2
votes

2nd attempt here, as presented the wrong example initially. From the docs:

preservesPartitioning indicates whether the input function preserves the partitioner, which should be false unless this is a pair RDD and the input function doesn't modify the keys.

Nice prose, but what does it really mean though?

Here a contrived trivial example, and whether or not I pass true or false to mapPartitions, the partitioning of data per partition remains the same for the new RDD even though I alter the K of K,V. So what is the point? Must be something elementary that I am missing.

import org.apache.spark.HashPartitioner
// Some contrived function
def myfunc(iter: Iterator[(String, (Int, String))]) : Iterator[(String, (Int,String))] = {
    iter.map{case(x,y) => ("B"+x+"A", y)} 
}
val rdd1 = sc.parallelize(1 to 9).map(x => ("RFD"+x+"ABC", (1000, "xc888x"+x))).partitionBy(new HashPartitioner(459))
val rdd2 = rdd1.mapPartitions(myfunc,true) // or false
rdd2.collect

Output of rdd2 for both true and false with mapPartitionsWithIndex reveals in both cases:

res21: Array[String] = Array((BRFD5ABCA,(1000,xc888x5)) -> 22, (BRFD4ABCA,(1000,xc888x4)) -> 66, (BRFD3ABCA,(1000,xc888x3)) -> 110, (BRFD2ABCA,(1000,xc888x2)) -> 154, (BRFD1ABCA,(1000,xc888x1)) -> 198, (BRFD9ABCA,(1000,xc888x9)) -> 305, (BRFD8ABCA,(1000,xc888x8)) -> 349, (BRFD7ABCA,(1000,xc888x7)) -> 393, (BRFD6ABCA,(1000,xc888x6)) -> 437)

which is the same partition distribution for rdd1.

So, what is the point of true or false for preservesPartitioning then?

1
@user10938362 re-attempt as I posted the wrong example thru all the xmas bustle oddly enough.
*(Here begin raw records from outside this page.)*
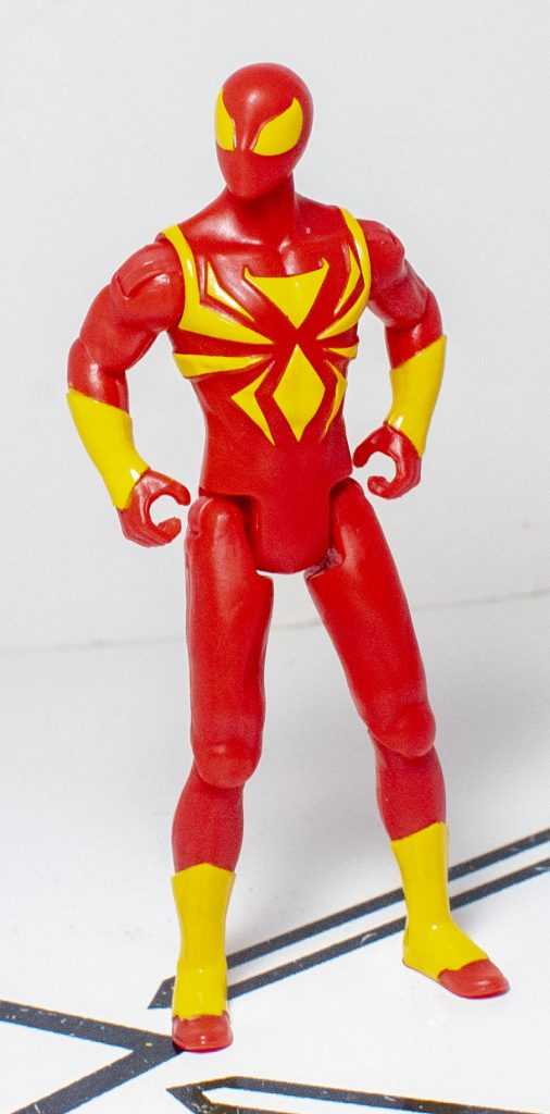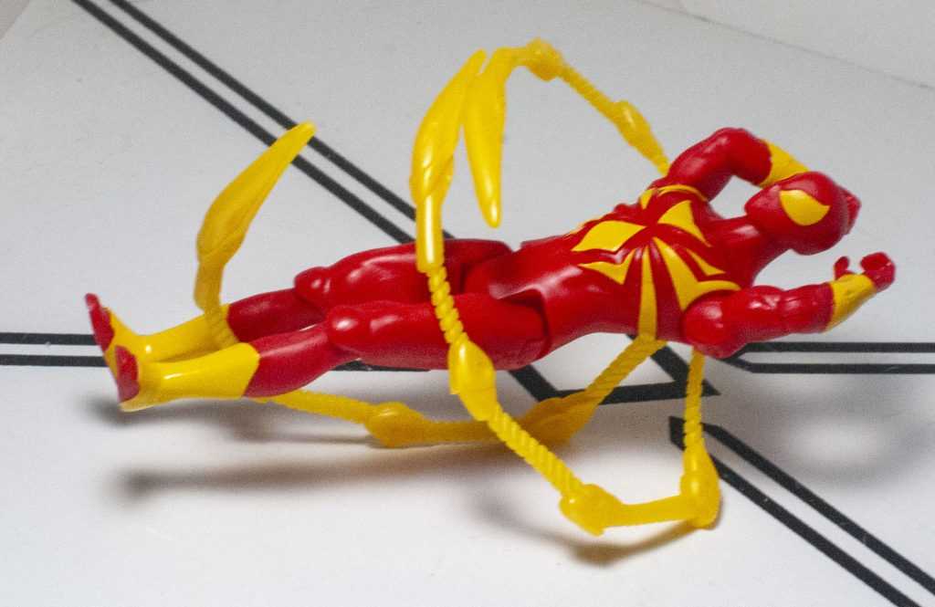 The other surprising thing is how the sculptwork and colors interact. See, Iron Spider’s only two colors, a lighter orangy-red plastic, and mustard-yellow paint, a striking combo. But what’s interesting is that they didn’t slap that yellow paint on a blank body. Everything that’s colored, including his angular eyes, the inverted spider logo on his chest, even the trim on his gloves and boots, are raised bits of sculptwork.
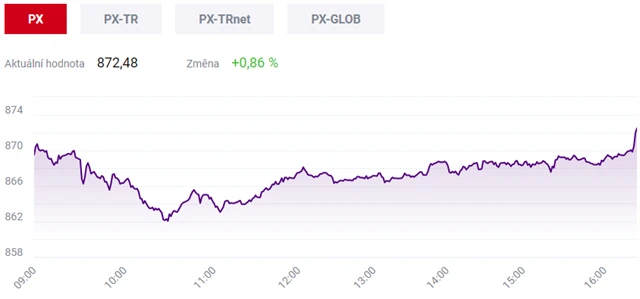 Pražská burza počtvrté v řadě posílila. Index PX ve čtvrtek stoupl o 0,86 % na 872,48 bodu. Polepšila si naprostá většina hlavních emisí burzy. Nejvýrazněji zdražily akcie energetické firmy ČEZ.
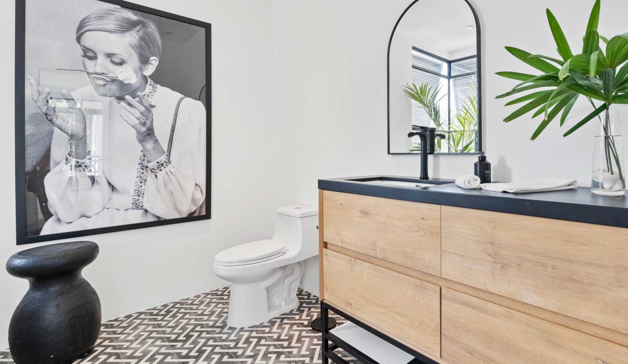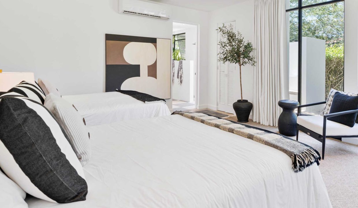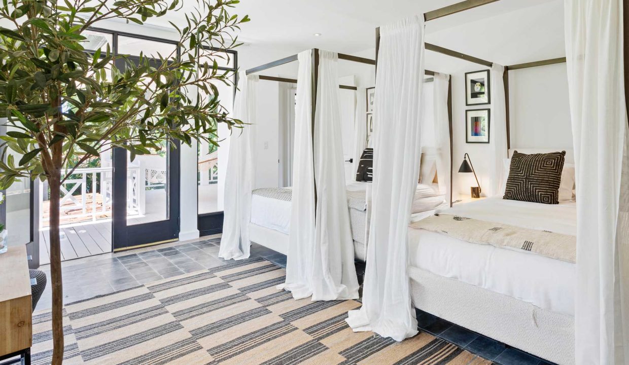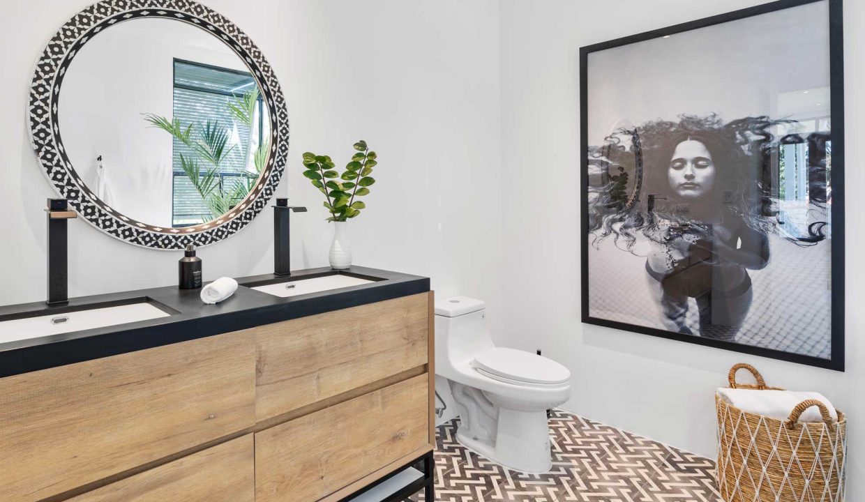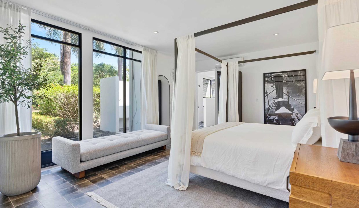 Crafted with premium materials, the home features high design, artisan ironwork, native hardwoods, and over 7,000 sq. ft. of covered living space. Designed with versatility in mind, the main property houses four master bedrooms and an Apartment. It features lovely tropical plantation-style architecture with hurricane shutters and a style that blends classic charm with contemporary elegance. Its symmetrical design creates a balanced and visually appealing facade, with central doors and windows framed by wide, uniform columns. This symmetry not only enhances the aesthetic appeal but also contributes to the home’s timeless allure. This interior design embodies a contemporary tropical design characterized by its use of natural materials, neutral tones, and a strong connection to the surrounding environment. The vaulted ceilings with exposed white-washed beams create an open and airy feel, enhancing the spaciousness of the spaces while maintaining a clean, minimalist vibe. Modern furniture pieces balance simplicity with comfort, ensuring a luxurious yet relaxed atmosphere.
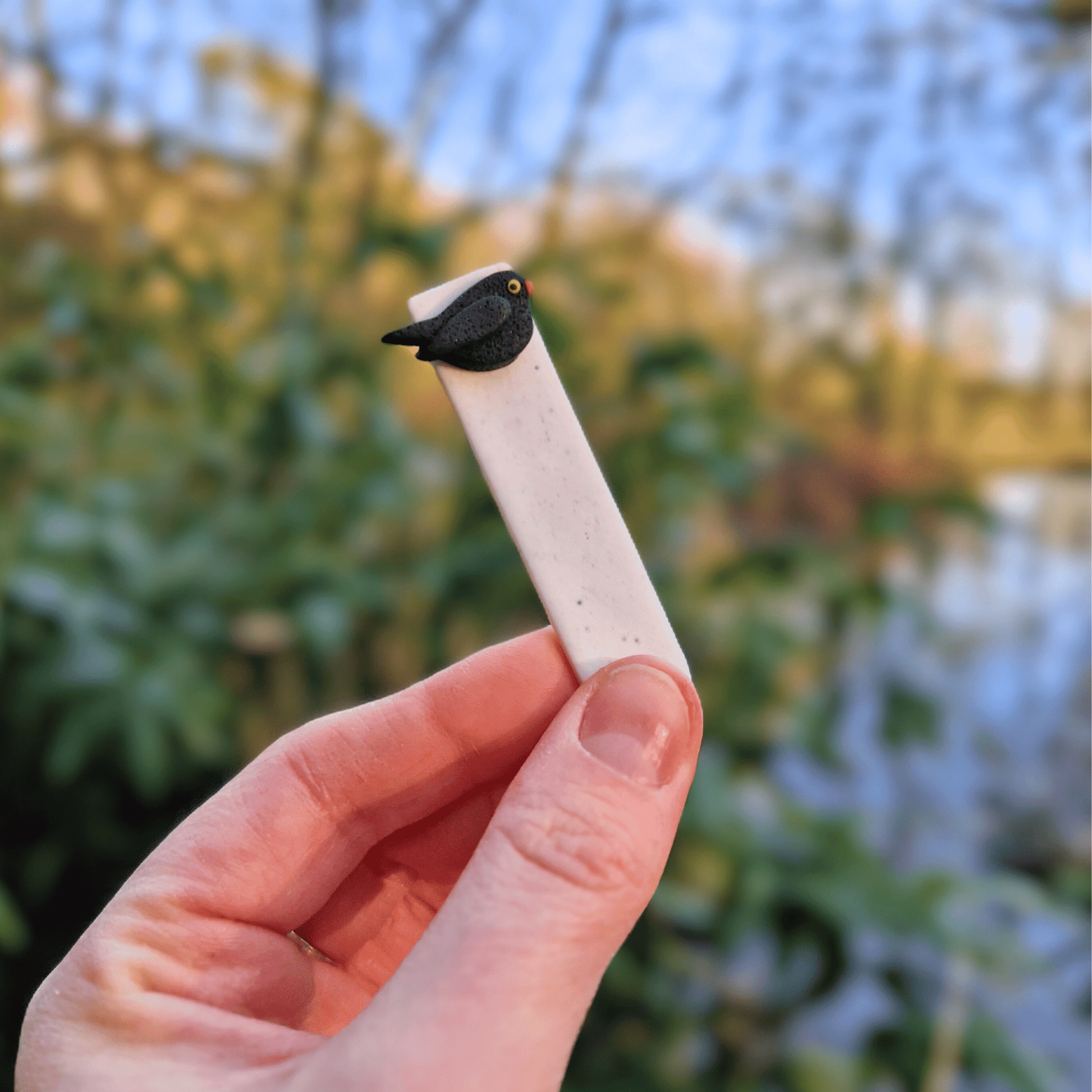 Blackbird British Bird Polymer Clay Decorative Plant Tag

May be this one makes more sense!thebluephantom

1 Answers

2
votes

This is also quite non-intuitive for me. I may quote a statement from from Apache Spark User List which suits your question:

This is not what preservesPartitioning does -- actually what it means is that if the RDD has a Partitioner set (which means it's an RDD of key-value pairs and the keys are grouped into a known way, e.g. hashed or range-partitioned), your map function is not changing the partition of keys. This lets the job scheduler know that downstream operations, like joins or reduceByKey, can be optimized assuming that all the data for a given partition is located on the same machine. In both cases though, your function f operates on each partition.

In your example, consider the following code with preservePartitioing=false:

val rdd2 = rdd1.mapPartitions(myfunc,false) // or false
rdd2.groupByKey().map{case (key,values) => values.size}.toDebugString

gives:

(459) MapPartitionsRDD[5] at map at Spark.scala:44 []
  |   ShuffledRDD[4] at groupByKey at Spark.scala:44 []
  +-(459) MapPartitionsRDD[3] at mapPartitions at Spark.scala:42 []
      |   ShuffledRDD[2] at partitionBy at Spark.scala:41 []
      +-(4) MapPartitionsRDD[1] at map at Spark.scala:41 []
         |  ParallelCollectionRDD[0] at parallelize at Spark.scala:41 []

While with preservePartitioing=true:

(459) MapPartitionsRDD[5] at map at Spark.scala:44 []
  |   MapPartitionsRDD[4] at groupByKey at Spark.scala:44 []
  |   MapPartitionsRDD[3] at mapPartitions at Spark.scala:42 []
  |   ShuffledRDD[2] at partitionBy at Spark.scala:41 []
  +-(4) MapPartitionsRDD[1] at map at Spark.scala:41 []
     |  ParallelCollectionRDD[0] at parallelize at Spark.scala:41 []

So in the first case, groupByKey causes an additional shuffle, because spark does not know that the keys reside in the same partition (as the partitioner is lost), in the second case, groupByKey is translated to a simple mapPartitions because spark knows that the first mapPartitions did not change the partitioning, i.e. that the keys are still in the same partition.